6. For the following reasons, the Tribunal has concluded that the matter should be remitted for reconsideration.
CONSIDERATION OF CLAIMS AND EVIDENCE
7. The criteria for a Subclass 500 (Student) visa are set out in Part 500 of Schedule 2 to the Regulations. The primary criteria in cl.500.211 to cl.500.218 must be satisfied by at least one applicant. Other members of the family unit, if any, who are applicants for the visa need only satisfy the secondary criteria. The issue in the present case is whether the applicant is a genuine applicant for entry and stay as a student.
Genuine applicant for entry and stay as a student (cl.500.212)
8. Clause 500.212 requires as follows:
The applicant is a genuine applicant for entry and stay as a student because:
(a)the applicant intends genuinely to stay in Australia temporarily, having regard to:
(i)the applicant’s circumstances; and
(ii)the applicant’s immigration history; and
(iii)if the applicant is a minor—the intentions of a parent, legal guardian or spouse of the applicant; and
(iv)any other relevant matter; and
(b)the applicant intends to comply with any conditions subject to which the visa is granted, having regard to:
(i)the applicant’s record of compliance with any condition of a visa previously held by the applicant (if any); and
(ii)the applicant’s stated intention to comply with any conditions to which the visa may be subject; and
(c)of any other relevant matter.
Does the applicant intend genuinely to stay in Australia temporarily?
9. In considering whether the applicant satisfies cl.500.212(a), the Tribunal must have regard to Direction No.69, ‘Assessing the genuine temporary entrant criterion for Student visa and Student Guardian visa applications’, made under s.499 of the Act. This Direction, which is attached to this decision, requires the Tribunal to have regard to a number of specified factors in relation to:
·the applicant’s circumstances in their home country, potential circumstances in Australia, and the value of the course to the applicant’s future;
·the applicant’s immigration history, including previous applications for an Australian visa or for visas to other countries, and previous travel to Australia or other countries;
·if the applicant is a minor, the intentions of a parent, legal guardian or spouse of the applicant; and
·any other relevant information provided by the applicant, or information otherwise available to the decision maker, including information that may be either beneficial or unfavourable to the applicant.
The Direction indicates that the factors specified should not be used as a checklist but rather, are intended only to guide decision makers when considering the applicant’s circumstances as a whole, in reaching a finding about whether the applicant satisfies the genuine temporary entrant criterion.
Case summary
The primary applicant (the applicant) Ms Diletta Brandi is a 33 year old citizen of Italy who first arrived in Australia on 7 December 2014 on a working holiday visa. She was issued a second working holiday visa on 5 January 2016 and on 25 January 2017, she applied for the student visa under review with secondary applicant named as Mr Paolo Mulas. The visa was refused on 8 March 2017 on the basis that the applicant was not a genuine temporary entrant. Ms Brandi is currently studying hospitality at advanced diploma level on a bridging visa, having completed a commercial cookery course and a diploma course in hospitality. She submits she is a diligent student who intends to return to Italy after completing her studies to find work as a chef.
Written evidence provided
The applicant provided documentary evidence relevant to:
a)The delegate’s decision;
b)Her personal circumstances and reasons for being in Australia temporarily;
c)Her academic performance in commercial cookery and hospitality courses;
d)Her financial position;
e)Overseas travel for the parties and the applicant’s mother on a visit to Australia;
f)Information regarding her mother’s illness.
The hearing
At the hearing, the Tribunal, under section 359AA of the Act, referred the applicant to information about her held in the Provider Registration and International Student Management System (PRISMS) and explained its relevance in that the information in the database might be the reason, or part of the reason to affirm the delegate’s decision.
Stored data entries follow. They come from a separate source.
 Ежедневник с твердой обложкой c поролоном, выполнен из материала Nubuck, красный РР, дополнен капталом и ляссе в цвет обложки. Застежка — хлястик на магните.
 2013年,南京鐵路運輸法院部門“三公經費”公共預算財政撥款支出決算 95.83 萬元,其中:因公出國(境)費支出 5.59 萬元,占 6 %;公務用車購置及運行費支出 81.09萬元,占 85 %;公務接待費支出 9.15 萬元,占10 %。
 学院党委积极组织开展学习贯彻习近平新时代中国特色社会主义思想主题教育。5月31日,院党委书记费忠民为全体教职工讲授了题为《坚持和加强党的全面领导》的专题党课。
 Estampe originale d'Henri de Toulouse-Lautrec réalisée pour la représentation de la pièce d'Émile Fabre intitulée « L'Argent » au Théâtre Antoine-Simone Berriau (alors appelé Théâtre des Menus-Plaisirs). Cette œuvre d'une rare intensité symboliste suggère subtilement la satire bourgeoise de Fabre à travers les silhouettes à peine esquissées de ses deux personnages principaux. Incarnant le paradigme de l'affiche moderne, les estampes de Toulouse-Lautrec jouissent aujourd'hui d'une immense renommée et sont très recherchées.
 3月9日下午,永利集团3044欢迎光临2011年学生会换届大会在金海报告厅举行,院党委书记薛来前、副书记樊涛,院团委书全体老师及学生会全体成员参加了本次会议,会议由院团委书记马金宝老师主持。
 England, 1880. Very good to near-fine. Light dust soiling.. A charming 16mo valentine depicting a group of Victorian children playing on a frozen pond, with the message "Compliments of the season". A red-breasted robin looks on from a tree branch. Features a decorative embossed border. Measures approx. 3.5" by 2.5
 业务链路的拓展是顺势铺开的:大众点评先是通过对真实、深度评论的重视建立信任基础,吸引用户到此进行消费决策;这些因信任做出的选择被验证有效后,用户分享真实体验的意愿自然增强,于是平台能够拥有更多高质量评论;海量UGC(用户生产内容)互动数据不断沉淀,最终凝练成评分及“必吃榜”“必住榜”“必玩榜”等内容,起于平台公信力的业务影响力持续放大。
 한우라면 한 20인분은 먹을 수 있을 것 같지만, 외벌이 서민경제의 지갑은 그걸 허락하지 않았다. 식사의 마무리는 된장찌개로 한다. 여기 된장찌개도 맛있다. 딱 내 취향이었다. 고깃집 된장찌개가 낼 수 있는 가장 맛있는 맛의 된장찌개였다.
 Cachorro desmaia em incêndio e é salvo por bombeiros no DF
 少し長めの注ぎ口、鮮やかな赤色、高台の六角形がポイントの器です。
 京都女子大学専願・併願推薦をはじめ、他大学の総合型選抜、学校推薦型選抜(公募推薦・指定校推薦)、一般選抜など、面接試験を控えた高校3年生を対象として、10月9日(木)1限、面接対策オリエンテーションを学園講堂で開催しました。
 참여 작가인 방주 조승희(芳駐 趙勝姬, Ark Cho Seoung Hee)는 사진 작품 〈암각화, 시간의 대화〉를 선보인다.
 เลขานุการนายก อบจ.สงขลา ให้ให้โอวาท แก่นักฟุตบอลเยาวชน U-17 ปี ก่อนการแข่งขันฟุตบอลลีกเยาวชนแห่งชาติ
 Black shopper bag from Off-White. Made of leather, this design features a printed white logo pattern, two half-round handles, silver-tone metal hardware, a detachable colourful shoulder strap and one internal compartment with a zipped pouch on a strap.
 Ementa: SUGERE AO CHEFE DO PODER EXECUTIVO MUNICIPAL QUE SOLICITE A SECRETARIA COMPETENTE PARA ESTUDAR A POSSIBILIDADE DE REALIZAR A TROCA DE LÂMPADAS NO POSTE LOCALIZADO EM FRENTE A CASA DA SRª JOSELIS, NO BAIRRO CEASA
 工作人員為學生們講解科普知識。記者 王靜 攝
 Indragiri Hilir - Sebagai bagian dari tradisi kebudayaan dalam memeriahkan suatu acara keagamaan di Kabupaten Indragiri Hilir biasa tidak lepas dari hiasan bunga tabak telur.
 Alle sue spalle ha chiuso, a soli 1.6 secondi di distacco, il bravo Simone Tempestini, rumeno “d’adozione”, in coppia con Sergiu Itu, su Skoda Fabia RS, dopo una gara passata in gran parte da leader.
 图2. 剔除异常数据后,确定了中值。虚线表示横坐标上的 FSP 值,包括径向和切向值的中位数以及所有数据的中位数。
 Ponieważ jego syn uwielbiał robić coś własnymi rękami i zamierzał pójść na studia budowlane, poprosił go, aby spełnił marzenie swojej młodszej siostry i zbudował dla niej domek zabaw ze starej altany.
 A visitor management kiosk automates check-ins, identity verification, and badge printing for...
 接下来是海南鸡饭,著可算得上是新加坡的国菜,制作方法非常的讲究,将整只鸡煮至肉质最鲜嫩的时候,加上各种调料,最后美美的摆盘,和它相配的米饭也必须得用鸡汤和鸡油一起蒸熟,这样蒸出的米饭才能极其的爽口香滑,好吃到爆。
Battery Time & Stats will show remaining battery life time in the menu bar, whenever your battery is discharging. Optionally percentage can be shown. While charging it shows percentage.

The Tribunal outlined the information in the database, which captures a chronological record of the applicant’s academic history in Australia: her enrolments, commencements, cancellations and finalisations. The Tribunal said it had not made up its mind about the information. The Tribunal referred to the information during the hearing and the applicant was invited to comment on it. The Tribunal asked the applicant if she wished to seek further time to consider it. The applicant said she was prepared to comment on the information immediately after it was read to her and said she understood it and why it was relevant to her case.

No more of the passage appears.